Шрифт:
Интервал:
Закладка:
Утром, проснувшись, я подумала — а было ли это со мной или все мне приснилось. А вскоре надо было кормить новорожденных. Две здоровые бабы принесли их по нескольку на одной руке, как поленья, и раскидали по кроватям. Я слышала разговоры санитарок, что один из новорожденных с заячей губой. И вдруг вижу, что с заячей губой — у меня. Я в слезы, тоже дурочка, ведь видела, когда показали после родов, что все нормально. Сквозь слезы посмотрела на бирку, а фамилия не моя. Кликнула санитарку, и она принесла моего. Рассмотрела, что на бирке было написано: дата, время, рост и вес.

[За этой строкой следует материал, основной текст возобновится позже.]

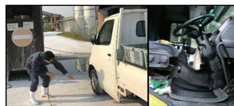
車両はタイヤだけでなく、 泥よけの内側まで消毒 し、 フロアマットの交換やペダル等車内も消毒

Приступила к кормлению, ребенок сосал с аппетитом. Наелся, и его унесли. На следующий день все повторилось. А затем произошел казус. Принесли ребенка, а он отказывается есть. Посмотрела — лицо моего. Что же такое? Может быть, он мокрый? Развернула, а это девочка. Но удивительно похожа на моего сына. А мой ребенок тем временем, без всяких комплексов и сантиментов, сосал чужую маму. Когда потом приносили младенцев на кормление, я в первую очередь проверяла бирку, поскольку по лицу их с этой девчушкой различить было невозможно.
А еще почти ежедневно на катере приезжал Тима. И конечно, подгадывал ко времени, когда нас подмывали. Наша палата была на первом этаже, он что-то подставлял и появлялся в окне. Женщины, увидев его, поднимали визг. А я показывала кулак, и он исчезал. А затем нянька провела с ним разъяснительную работу. Подействовало.
После выписки меня встречали четверо — Тима, Сидоровский и супруги Горячевы. Цветов, конечно, не было — январь и закрытый город. Лица кавказской национальности со своей нежной продукцией пробиться туда не могли, а цветочных магазинов тогда в Балтийске не было. Ребенка, завернутого в одеяло, к пирсу нес счастливый отец. Порыв ветра откинул простынку с лица, и ребенок захлебнулся ветром. Анюта Горячева сразу поставила на вид отцу, что надо не зевать, а придерживать простынку. Погрузились на катер и поплыли домой.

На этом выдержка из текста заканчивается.